Re: [PATCH 2/3] membarrier: Add an actual barrier before rseq_preempt()

From: Mathieu Desnoyers
Date: Tue Dec 01 2020 - 09:31:53 EST


----- On Dec 1, 2020, at 5:06 AM, Peter Zijlstra peterz@xxxxxxxxxxxxx wrote:

> On Mon, Nov 30, 2020 at 09:50:34AM -0800, Andy Lutomirski wrote:
>> It seems to be that most RSEQ membarrier users will expect any
>> stores done before the membarrier() syscall to be visible to the
>> target task(s). While this is extremely likely to be true in
>> practice, nothing actually guarantees it by a strict reading of the
>> x86 manuals.

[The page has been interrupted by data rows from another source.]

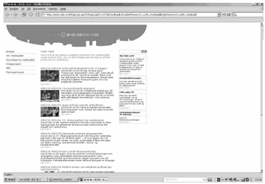
Figure 3. Front page of Oslo News

The five embassies (UK, Denmark, Finland, Iceland, Pakistan) involved themselves as far as their own citizens were concerned, but they were in many cases not able to respond optimally to the media due to lack of information from Norwegian authorities.
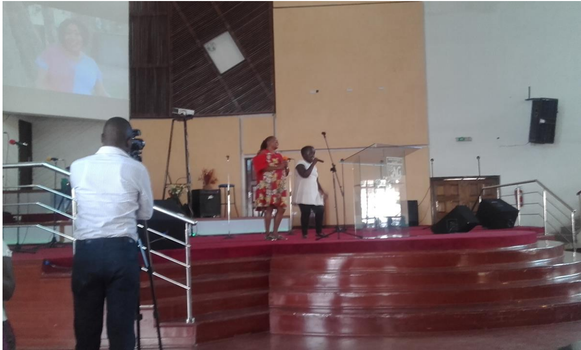
We had involved other disabilities:
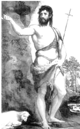
St. John the Baptist Pray for Us
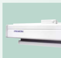
Easy Install with plastic mounting brackets
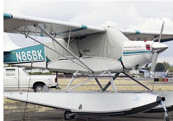
Aviat Husky Canopy Cover and Inlet Plugs
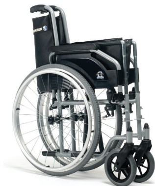
Easy to fold, easy to transport
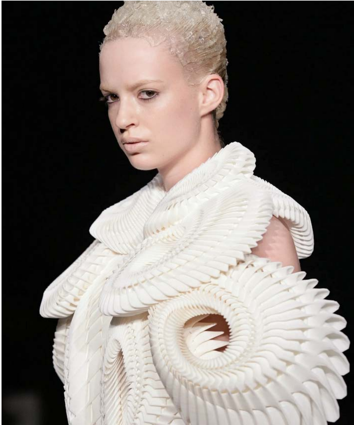
3D printed dress spring/ summer 2011 ready to wear collection

iris van herpen fashion and architecture
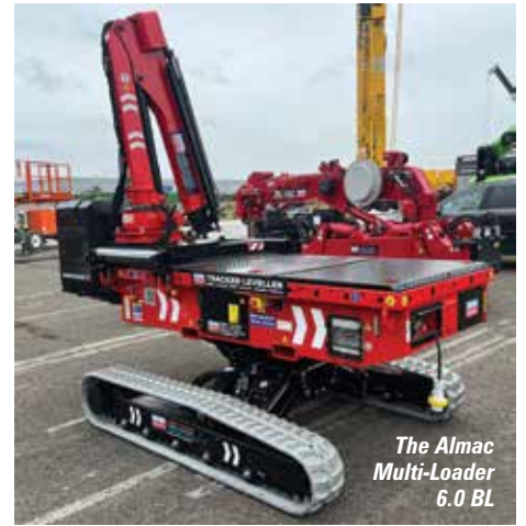
The Almac Multi-Loader 6.0 BL

The Multi-Loader 6.0 BL is a sizeable bit of kit weighing 2,400kg or 2,900kg with the crane
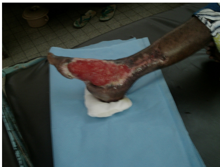
Figure 2. Diabetic foot infection.
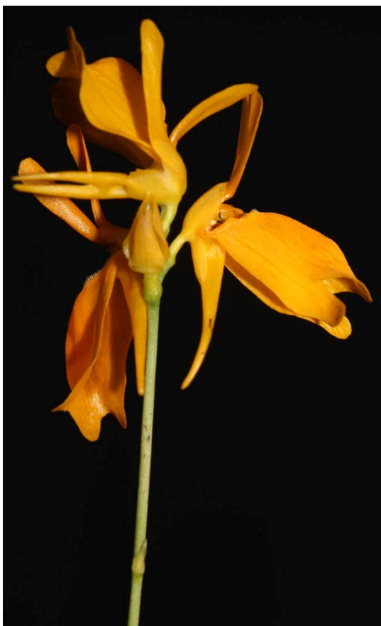
Utricularia juncea .

https://www.facebook.com/#!/pages/Australasian-Carnivorous-Plant-Society/194049760656595?ref_type=bookmark

Rather than providing this guarantee by accident and
>> potentially causing a problem down the road, just add an explicit
>> barrier.
>
> A very long time ago; when Jens introduced smp_call_function(), we had
> this discussion. At the time Linus said that receiving an interrupt had
> better be ordering, and if it is not, then it's up to the architecture
> to handle that before it gets into the common code.
>
> https://lkml.kernel.org/r/alpine.LFD.2.00.0902180744520.21686@localhost.localdomain
>
> Maybe we want to revisit this now, but there might be a fair amount of
> code relying on all this by now.
>
> Documenting it better might help.

Considering that we already have this in membarrier ipi_mb :

static void ipi_mb(void *info)
{
smp_mb(); /* IPIs should be serializing but paranoid. */
}

I think it makes sense to add this same smp_mb() in the ipi_rseq if the expected
behavior is to order memory accesses as well, and have the same level of paranoia as
the ipi_mb.

Thanks,

Mathieu


>
>> Signed-off-by: Andy Lutomirski <luto@xxxxxxxxxx>
>> ---
>> kernel/sched/membarrier.c | 8 ++++++++
>> 1 file changed, 8 insertions(+)
>>
>> diff --git a/kernel/sched/membarrier.c b/kernel/sched/membarrier.c
>> index e23e74d52db5..7d98ef5d3bcd 100644
>> --- a/kernel/sched/membarrier.c
>> +++ b/kernel/sched/membarrier.c
>> @@ -40,6 +40,14 @@ static void ipi_mb(void *info)
>>
>> static void ipi_rseq(void *info)
>> {
>> + /*
>> + * Ensure that all stores done by the calling thread are visible
>> + * to the current task before the current task resumes. We could
>> + * probably optimize this away on most architectures, but by the
>> + * time we've already sent an IPI, the cost of the extra smp_mb()
>> + * is negligible.
>> + */
>> + smp_mb();
>> rseq_preempt(current);
>> }
>
> So I think this really isn't right.

--
Mathieu Desnoyers
EfficiOS Inc.
http://www.efficios.com